Record as Professional Football League member
| Season | Division | League |  |  |  |  |  |  |  | Federation Cup | Independence Cup | Top league scorer(s) |  |
| P | W | D | L | GF | GA | Pts | Position | Player | Goals |
| 2017–18 | BCL | 18 | 10 | 5 | 3 | 23 | 19 | 35 | Runners-up | — | — | BAN Ariful Islam | 12 |
| 2018–19 | BPL | 24 | 5 | 5 | 14 | 24 | 42 | 20 | 12th | Group Stage | Group Stage | GUI Ismael Bangoura | 12 |
| 2019–20 | BCL | Cancelled |  |  |  |  |  |  |  | — | — | — | — |
| 2020–21 | BCL | 22 | 13 | 5 | 4 | 34 | 10 | 44 | Runners-up | — | — | BAN Fuad Hasan | 7 |
| 2021–22 | BCL | 22 | 10 | 8 | 4 | 36 | 17 | 38 | 3rd | — | — | BAN Rafiqul Islam | 12 |
| 2022–23 | BCL | 20 | 6 | 7 | 7 | 26 | 25 | 25 | 5th | — | — | BAN Abid Hasan Abir | 7 |
| 2023–24 | BCL | 14 | 3 | 8 | 3 | 9 | 11 | 17 | 6th | — | — | BAN Md Faizullah | 3 |

| Champions | Runners-up | Promoted | Relegated |

==Youth team==
===2019 BFF U-18 Football Tournament triumph===
The clubs focus on creating a pipeline of young talent was showcased as they won the 2019 BFF U-18 Football Tournament, guided by former player turned coach Akbor Hossain Ridon. Nofel's president Tabith M Awal, appointed former captain Akbor Hossain Ridon as coach for the U18 team for the 2019 BFF U-18 Football Tournament, where all the top-tier clubs participated.

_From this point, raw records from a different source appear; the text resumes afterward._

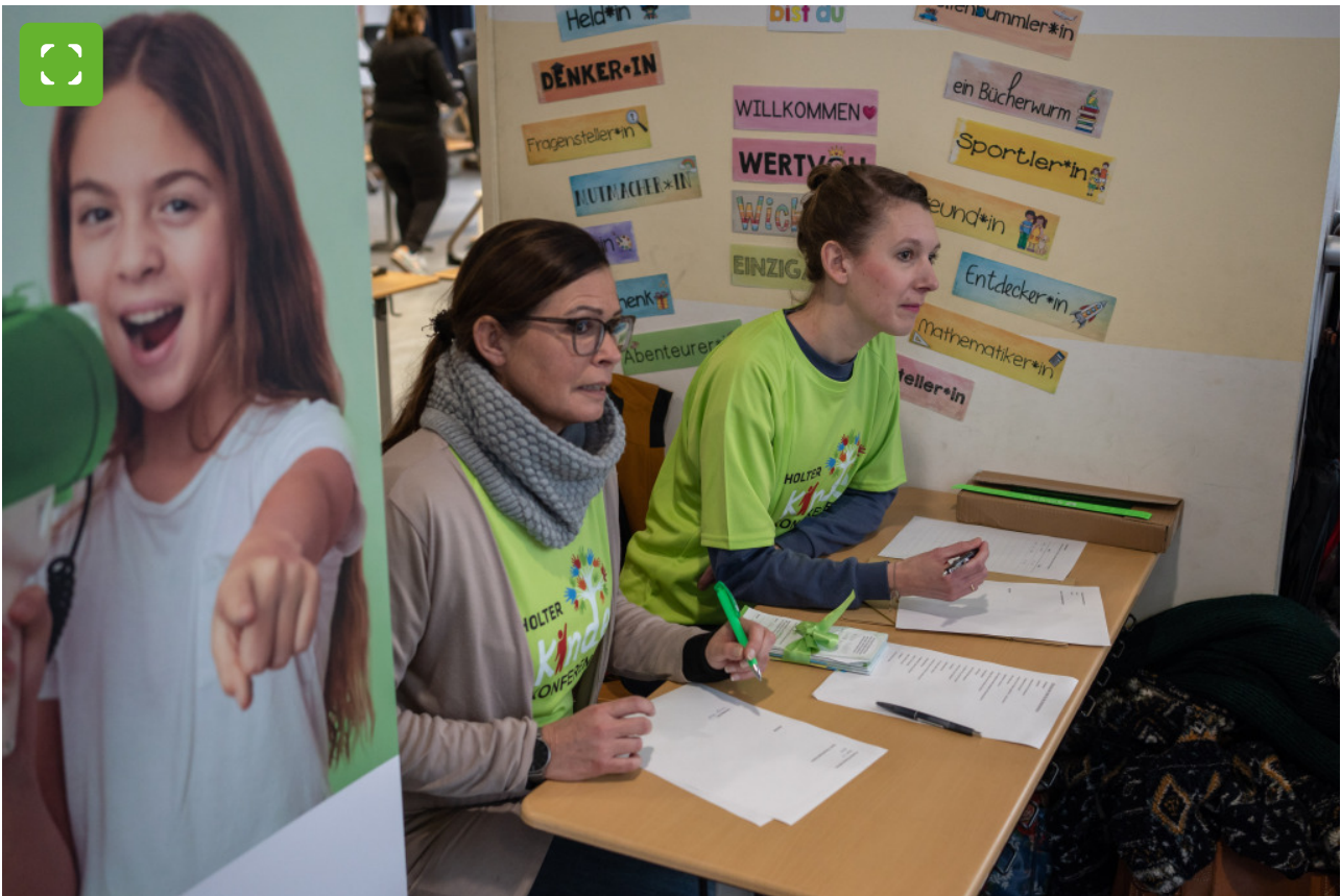
Die Wünsche der Schülerinnen und Schüler werden durch Mitarbeiterinnen des Fachbereichs Jugend, Familie, Schule und Sport aufgenommen.
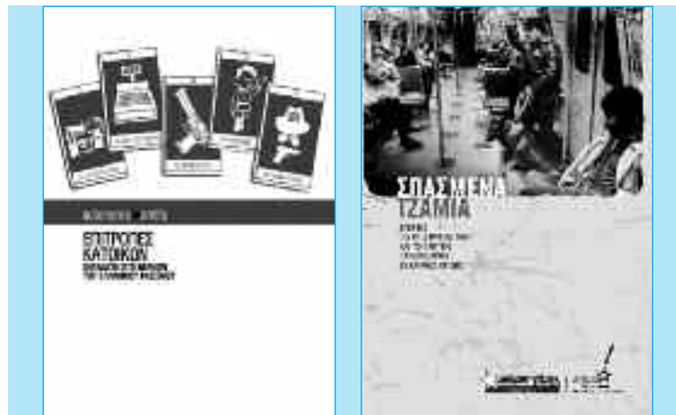
Εκδόσεις ενάντια στον σύγχρονο φασισμό και το δόγμα της μηδενικής ανοχής.

συμφέροντα. Άλλοτε με το μαγαζάτορα, άλλοτε με το ρουφιάνο της γειτονιάς κι άλλοτε με τη μαφία.
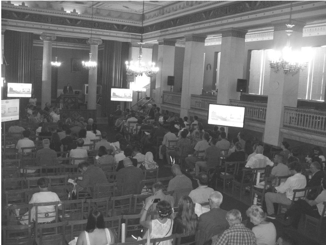
Η έναρξη του συνεδρίου στην αίθουσα τελετών του ιστορικού κεντρικού κτιρίου που Εθνικού και Καποδιστριακού Πανεπιστημίου Αθηνών.

Following Nofel's relegation the club authorities main focus was to produce talented players for the future generation, nevertheless, Nofel U18 entered the tournament as underdogs. They started the group-stages with a draw against Saif SC U18, followed by a stunning win against Sheikh Russel U18, thanks to goals from Mohammed Piash and Arman Hossain Abir. The win helped them advance through the group as the second placed team.
Nofel won the quarter-finals against a strong Arambagh U18 team on penalties, and then went on to stun tournament favorites Bashundhara Kings U18, knocking them out on penalties as well. In the finals against Saif SC U18, who were managed by former Nofel coach Kamal Babu, striker Arman Hossain Abir scored the winner 9 minutes from fulltime to win Nofel the trophy.